Patricia Drewes, who is part of Lost Voices of Fentanyl and is also the organizer of Forgotten Victims of North Carolina, told Carolina Journal on Sept. 19 that about 700 marched from the National Mall to the White House. Drewes daughter, Heaven Leigh Nelson, died of fentanyl poisoning in 2019.
During the day of action, Drewes said she met with multiple congressional leaders and their staff. Drewes said they wanted to meet with members of both parties, but Democrats were more hesitant to meet.
Drewes and her group are advocating for harsher penalties on fentanyl distributors and for China and the Mexican cartels to be held responsible, policies that may be less palatable to Democrats. The staff of retiring Rep. David Price, D-NC04, was an exception, and Drewes spoke with them on the issue.
Drewes and other leaders from around the country were then hosted by the Republican Study Committee at a roundtable event regarding how to address the fentanyl crisis. Four of the nine guest speakers and participants were from North Carolina.

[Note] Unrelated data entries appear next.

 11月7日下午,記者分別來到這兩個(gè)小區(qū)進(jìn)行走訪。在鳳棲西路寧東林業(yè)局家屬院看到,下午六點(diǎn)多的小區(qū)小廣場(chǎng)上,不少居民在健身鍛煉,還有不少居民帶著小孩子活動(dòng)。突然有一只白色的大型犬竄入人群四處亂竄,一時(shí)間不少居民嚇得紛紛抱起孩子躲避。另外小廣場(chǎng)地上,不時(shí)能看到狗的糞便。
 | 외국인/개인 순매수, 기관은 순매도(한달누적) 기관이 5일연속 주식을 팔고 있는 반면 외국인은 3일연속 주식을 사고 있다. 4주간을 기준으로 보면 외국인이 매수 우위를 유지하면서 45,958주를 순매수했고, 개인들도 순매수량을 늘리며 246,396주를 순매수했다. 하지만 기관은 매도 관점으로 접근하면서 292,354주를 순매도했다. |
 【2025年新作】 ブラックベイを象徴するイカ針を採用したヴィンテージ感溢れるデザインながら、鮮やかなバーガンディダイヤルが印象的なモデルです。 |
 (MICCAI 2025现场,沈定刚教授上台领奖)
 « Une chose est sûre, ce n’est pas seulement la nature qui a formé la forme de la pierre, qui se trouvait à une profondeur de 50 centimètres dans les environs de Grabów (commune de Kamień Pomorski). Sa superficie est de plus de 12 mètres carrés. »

At the RSC roundtable, Drewes said she prepared a short audio but that it wouldn’t play.
“I’ll tell you what it was,” Drewes recalled telling them. “It’s the sound of a mother screaming that just saw her child being taken out in a body bag that was poisoned by fentanyl. I made that same cry or scream on Jan. 28, 2019. Every mother in this room has made that same God-awful scream. 108,000 American mothers made that scream in the United States last year alone. How many of us have to scream? How many of us have to bury our children before you heard us?”
Drewes also presented the RSC with a large box of obituaries from those that were lost, which she had collected from across the country.

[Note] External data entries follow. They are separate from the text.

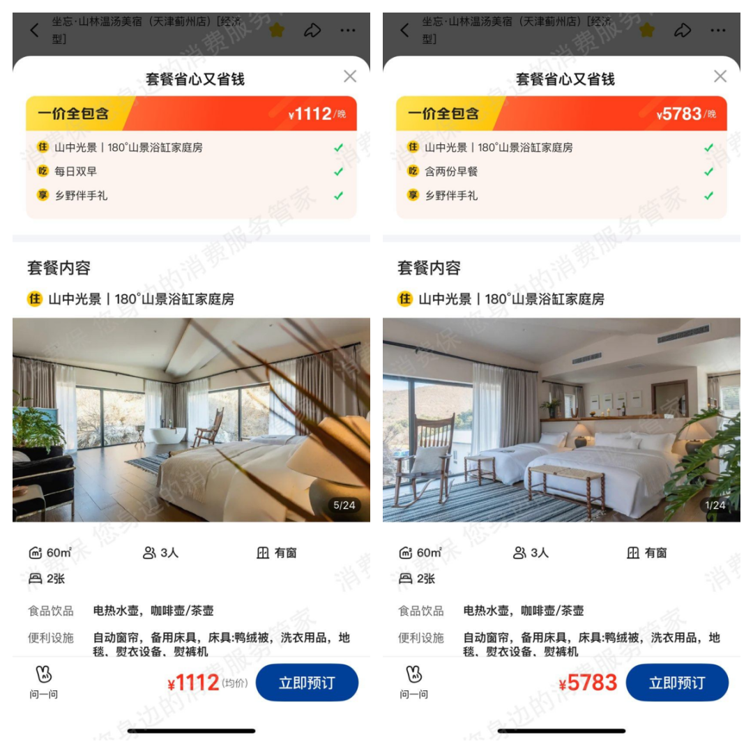 离谱的是,美团平台随后再次上架该酒店同一房型,价格从1112元/晚暴涨至5783元/晚。消费者质疑:这样的酒店如何能在平台上线?这究竟是系统漏洞,还是“坐地起价”的套路?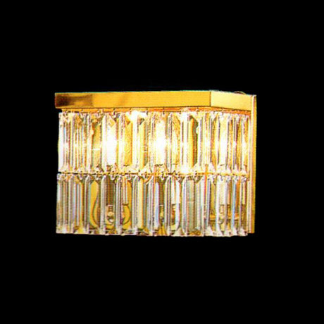 Настенный светильник выполнен из металла, покрытого золотом 24К. Светильник декорирован ниспадающими прозрачными элементами из хрусталя. Количество лампочек: 2.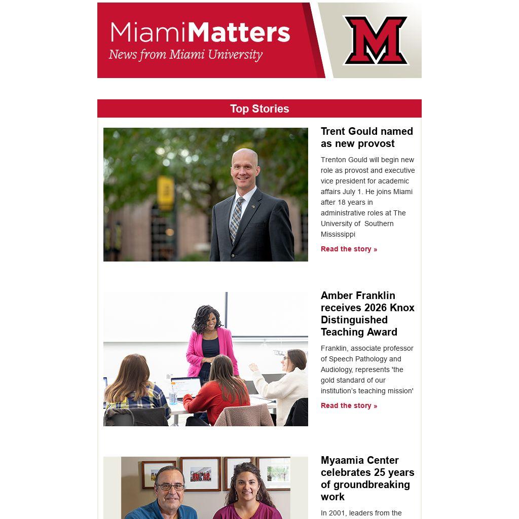 | Trenton Gould will begin new role as provost and executive vice president for academic affairs July 1. He joins Miami after 18 years in administrative roles at The University of Southern Mississippi
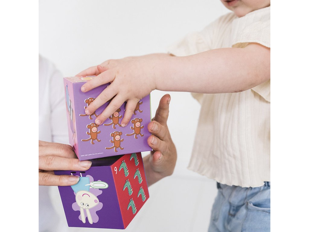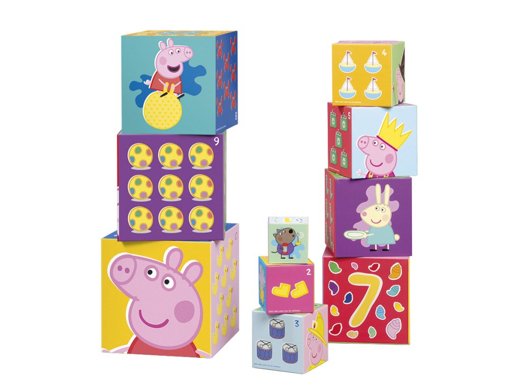 Sada 10 stohovacích kostek s motivy oblíbené postavičky Peppa Pig, ze kterých si děti mohou postavit věž vysokou až 90 cm. Kostky jsou z pevného kartonu a lze je složit do jedné velké kostky.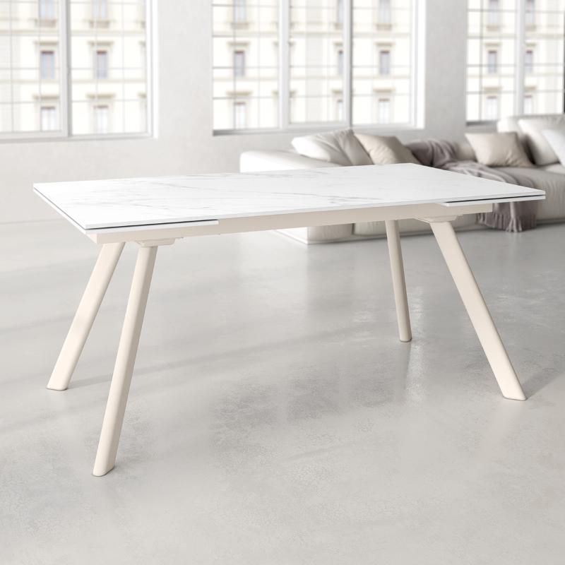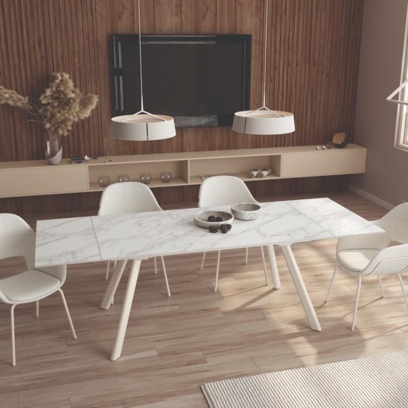 Mesa de comedor extensible con encimera de mármol natural, y patas metálicas blancas.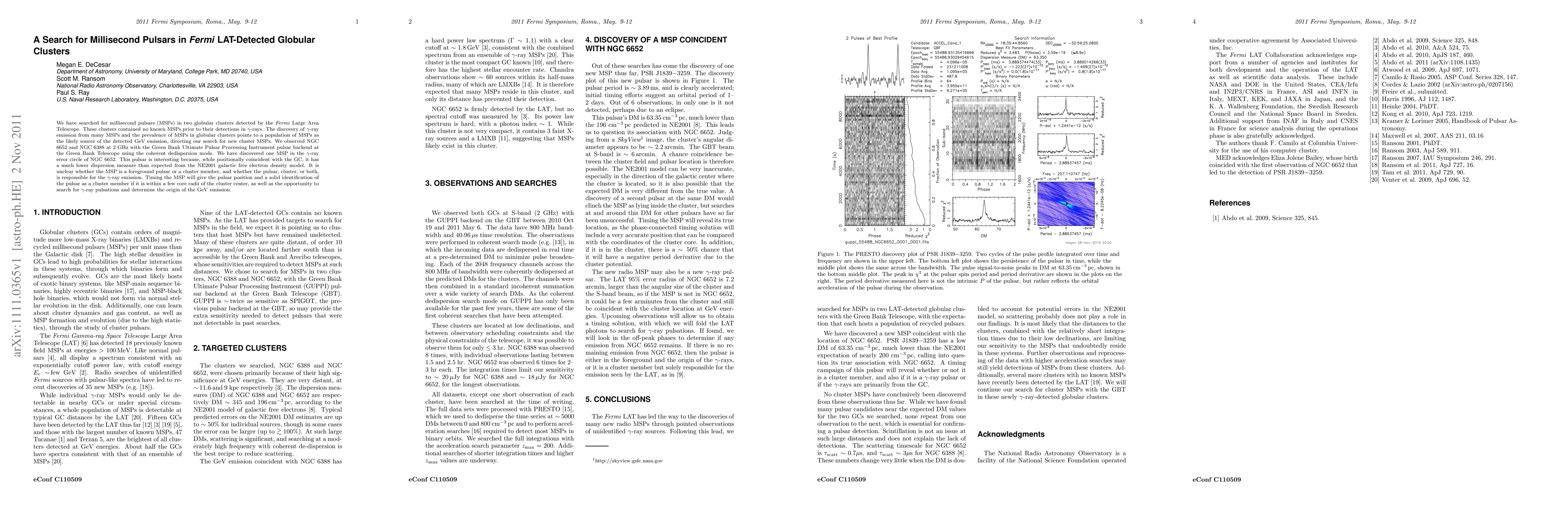 This paper reports the discovery of a millisecond pulsar (MSP) in the globular cluster NGC 6652, detected via gamma rays by the Fermi Large Area Telescope. The pulsar's low dispersion measure raises questions about its origin, potentially as a foreground object or a cluster member, and its role in the observed gamma ray emission.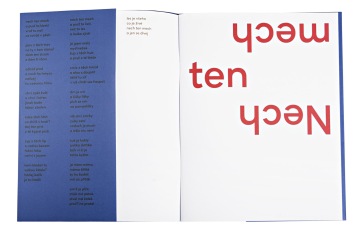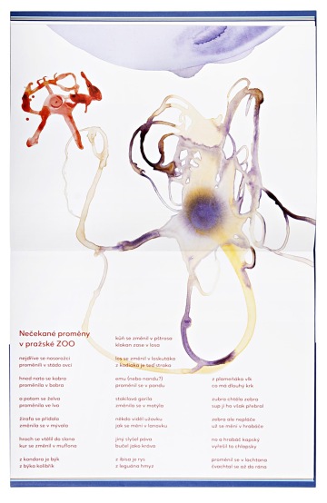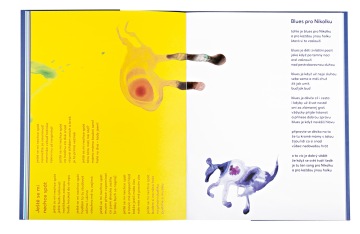 Petr Nikl odevzdal svoje ilustrace k básním Michala Bystrova na čtvrtkách, které se příliš neliší od papíru, na kterém jsou teď vytištěné. Inspirovaly skicák nebo školní sešit v modrém obalu, v němž Zuzana Lednická směrem textu pomáhá čtenářům proměňovat skvrny z Rorschachova testu na pacienty, koně nebo slony s dlouhým chobotem. Třetí spolupráce s nakladatelstvím Meander tak děvčeti, které vždycky listovalo knížkami odzadu, umožnila konečně mít knížku s patitulem vzhůru nohama.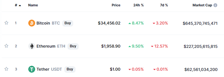 周一早盘,比特币涨幅扩大,短线走高日内涨超8%,至34455美元/枚。自上周以来,资产管理公司对比特币期货的多头押注增加了35%,自2020年第四季度以来首次超过500份合约。投资者在2020年秋季和12月的大部分时间都做多,但今年几乎全年都在做空。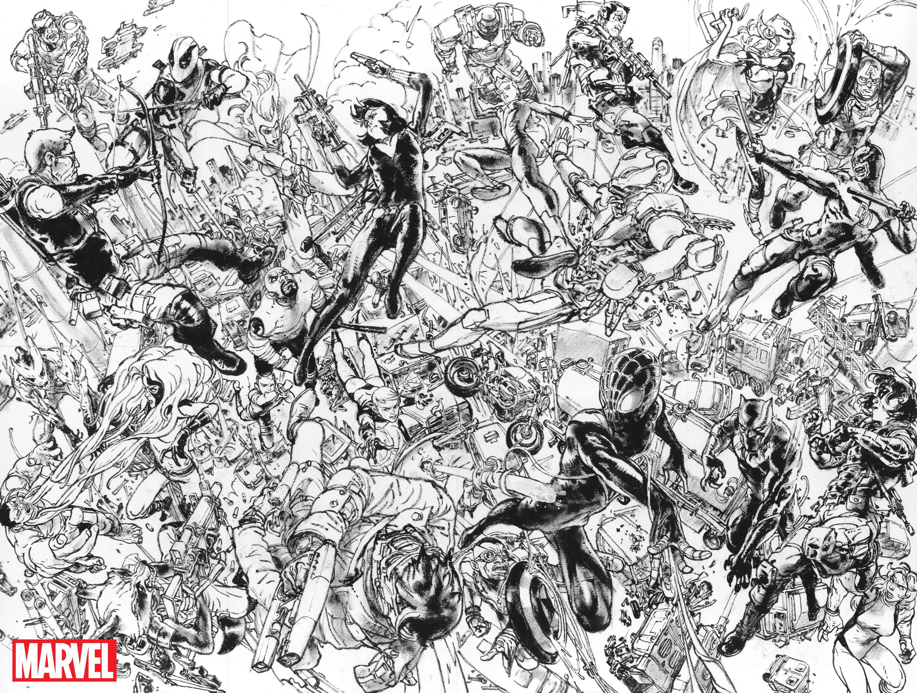 L’artiste sud coréen Kim Jung Gi (Spygames) fait ses débuts chez Marvel en illustrant les huit couvertures alternatives de la saga Civil War II. Une fois connectées entre-elles, ces illustrations forment un panorama fouillé comme vous pouvez le constater ci-dessus.

“I told them, ‘I was going to mail this to the president. But I knew that he would probably never receive them. I knew that he would never receive them. So I am entrusting you to see to it that he gets these.’ So Jim Banks [a congressman from Indiana who serves as the chairman of the Republican Study Committee] is the one that actually took the obituaries to see to it that the president got them.”
She said that the committee agreed with the group that more has to be done and announced that they are working on a bill to address rainbow fentanyl, which is directly marketed to children and looks like candy.

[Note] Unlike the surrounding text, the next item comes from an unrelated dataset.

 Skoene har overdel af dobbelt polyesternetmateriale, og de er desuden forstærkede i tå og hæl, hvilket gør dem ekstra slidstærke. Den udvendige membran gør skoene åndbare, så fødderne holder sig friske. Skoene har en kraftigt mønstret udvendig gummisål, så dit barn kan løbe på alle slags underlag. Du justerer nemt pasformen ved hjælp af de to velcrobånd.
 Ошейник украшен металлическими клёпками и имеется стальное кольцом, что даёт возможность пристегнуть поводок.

“We want fentanyl labeled as a weapon of mass destruction,” Drewes said. “We want the Mexican cartel labeled as terrorists, because that’s what they are.”
Drewes said that she had been scheduled for an interview on FOX News but that the death of Queen Elizabeth bumped her segment. She joked that the media was apparently more interested in a queen’s death overseas than tens of thousands by fentanyl on our own shores.
“But kudos to FOX News,” she said. “They did cover us all day on Saturday.”